The drivers of heavy vehicles who spend many hours in them need seating that is both comfortable and is an aid to safety. They need seating that can be adjusted to their own size and preferences and is adequately cushioned. Accordingly, many seating arrangements have been designed which enable fore-and-aft adjustability, which provide a suitable cushioning action to the seat, and which provide for adjustment of the back.
The present invention is an advance on these earlier inventions and relates particularly to a seat which is supported upon an air spring and in which compressed air is used to adjust the seat height.
It is very important that the adjustment of the seat height be coupled with an arrangement for maintaining the seat at the height to which it is set, even when the driver gets out of his seat or when he sits down rather heavily in it. Some seats are so made that when the driver begins to get out of the seat, the cushioning air forces the seat upwardly, making it difficult for the driver to get out and even more difficult for him to get back in. The present invention is directed to solution of this problem.
Another problem encountered with seats of this type and relatively unsolved, for little attention has been given to this problem, is that of response of the seat to pitch.
In a passenger automobile, the passengers are ideally located for riding comfort: low in the chassis and nearly midway between the axles. Vertical displacements of the wheels, due to bumps, tend to induce vertical displacements of the passengers, and no pitch component is introduced. In a large truck, however, and especially in a cab-over-engine type of vehicle, the occupant is located high above the axles in a cab that is supported on a rather narrow footing. As a result of this top-heavy arrangement, vertical displacements of the axles tend to induce horizontal displacements of the cab. In addition, the long frame rails of a truck deflect considerably under load. This up-and-down flexing of the frame rails provides one of the main vibratory inputs into the cab. As the rails flex, the front and rear of the cab move up and down unequally. Since the driver is situated above the cab mounts, he senses a fore-aft vibration.
The end result of all this is that the driver experiences a persistent "backslap" from the seat. This can be particularly bad even on apparently smooth roads such as freeways. The even spacing of dividers between concrete slabs will often cause this kind of vibratory response in a vehicle, because a resonance is created.
The present invention provides for the seat to move somewhat under either forward or backward pitch in order to stay with the driver better about a position to which the driver has set his normal position. However, as one leaves this centerpoint in either direction the movement of the seat is opposed more and more, so that there is a gradual but thorough snubbing of the pitch within a desired distance. This is an important feature in both driver comfort and safety.
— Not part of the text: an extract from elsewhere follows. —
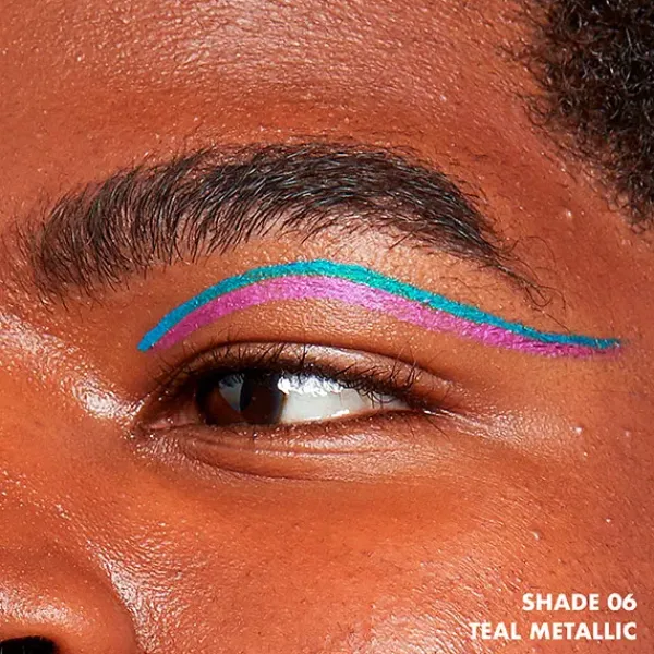 Este Eyeliner líquido de larga duración y resistente al agua, deja un acabado metálico increíble.

The invention also provides for shock absorption and for the usual fore-and-aft adjustment of the seat.
One other problem to which the invention relates is that of providing rapid adjustment of the inclination of the seat back without requiring a more expensive type of seat back. This problem may be explained by noting that the back of the seat may be supported by rather lightweight sheet metal which is incapable of transmitting major forces. The inclination of the back should, however, be adjustable at one location, on either side of the seat, without having to adjust the two sides of the back separately, which would be extremely undesirable. The invention provides for this and does it with a novel structure having several advantages, which will be explained in the text.